If you want to reduce one frame of input lag, you can set Max Swapchain Images to 2, but in that case, the frame will be emulated, and then shaded sequentially in the same 16ms window.

Or at least this is what I’ve been told. @hunterk correct me if I am wrong.

3 Likes

Do input latency mitigation techniques rely more on the CPU or GPU? From many tests I’ve done over the years, it always seemed that you needed at least a decent GPU for those things to work. I once tested a machine with a robust CPU and weak GPU, results were not great.

Nonetheless, I suspect it taxes both parts somewhat, so the user would need a base standard of performance from the two.

1 Like

The answer is that it depends. If the emulator is using software rendering, then that’s fully handled by the CPU. The GPU will only receive the rendered pixels into a framebuffer and then handle the displaying of that framebuffer.
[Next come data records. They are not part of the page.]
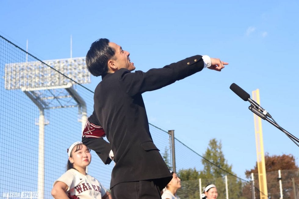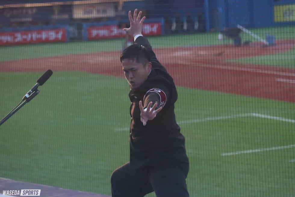 そして5回、試合が動き始める。応援企画責任者としても攻撃回のサイン出しで重要な役割を担う永井が学注で決死の思いを叫ぶ。そしてこの回先頭打者が内野安打で出塁すると、2死ながらチャンスを作り出す早大ナイン。『コンバットマーチ』が神宮に鳴り響き、打席の尾瀬雄大(スポ2=東京・帝京)の放った打球は左中間に、応援部の全員が笑顔になった。『紺碧の空』を全員で歌い上げ、応援席は歓喜の声であふれた。
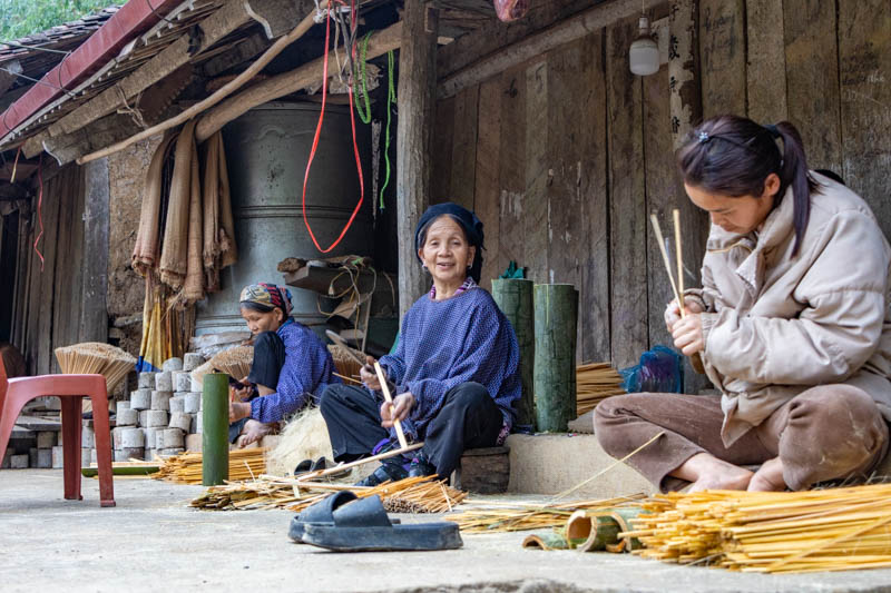 Auf der Heimfahrt haben wir noch einen Abstecher nach Phia Thap gemacht, ein kleines Dorf das für seine Räucherstäbchenherstellung bekannt ist. Vor fast jedem Haus sitzen Leute und spalten Bambushölzer mehrfach, bis sich daraus die kleinen Stäbchen ergeben:
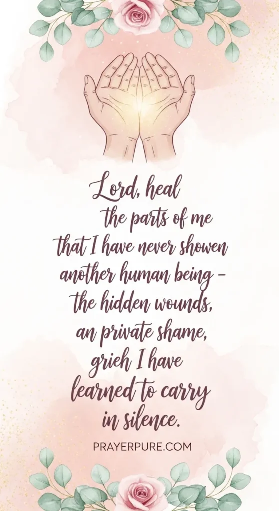 Lord, heal the parts of me that I have never shown another human being — the hidden wounds, the private shame, the grief I have learned to carry in silence.
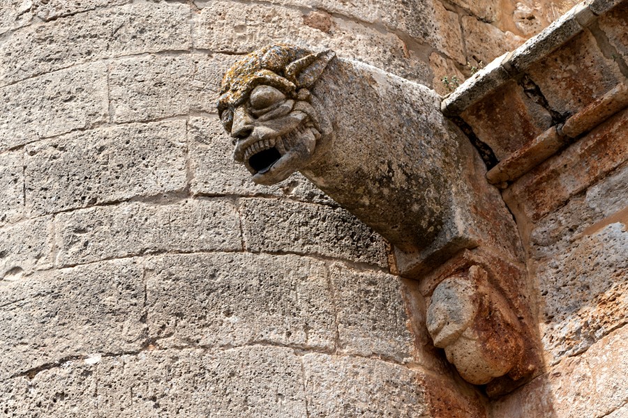 La decoración exterior —influida por el último y arcaizante románico y el sobrio estilo cisterciense— se reduce a unos arquillos ciegos que recorren los muros de la cabecera, a varias hileras de sencillos tacos de piedra bajo los aleros y a una llamativa y aislada gárgola rematada por la cabeza de un demonio.

There could be some differences due to the available memory bandwidth, but generally you’d get good results with a fast CPU and a comparably slow GPU.

If the emulator uses the 3D API (OpenGL, Vulkan, etc.) for doing actual rendering, then parts of the emulation workload will be handled by the GPU. For example, let’s say the load ends up 50% on the CPU and 50% on the GPU, then both are equally important. This also means that even if you had an inifinitely fast CPU, you’d still have 50% of the original processing time left (unless you also upgrade the GPU).

Finally, when you add shaders, you add a GPU load. This work will happen sequentially, after the emulator has generated the frame. So no matter if the emulator itself is SW or HW rendered, you’ll have this additional GPU dependent processing happening before the frame can be sent to the display. Obviously, for shaders, having a faster GPU will reduce this processing time.

EDIT: I almost forgot to add: All of the above decides what kind of headroom you have available for latency mitigating features. These features usually rely on being able to generate the frames as quickly as possible, and that in turn is decided by the composition of the particular load vs your particular HW.

5 Likes

Excellent answer! Thank you very much! It explains what happened on my side, as I like to test shaders alongside input latency, and probably didn’t pay attention that I could’ve been stressing the GPU with something else.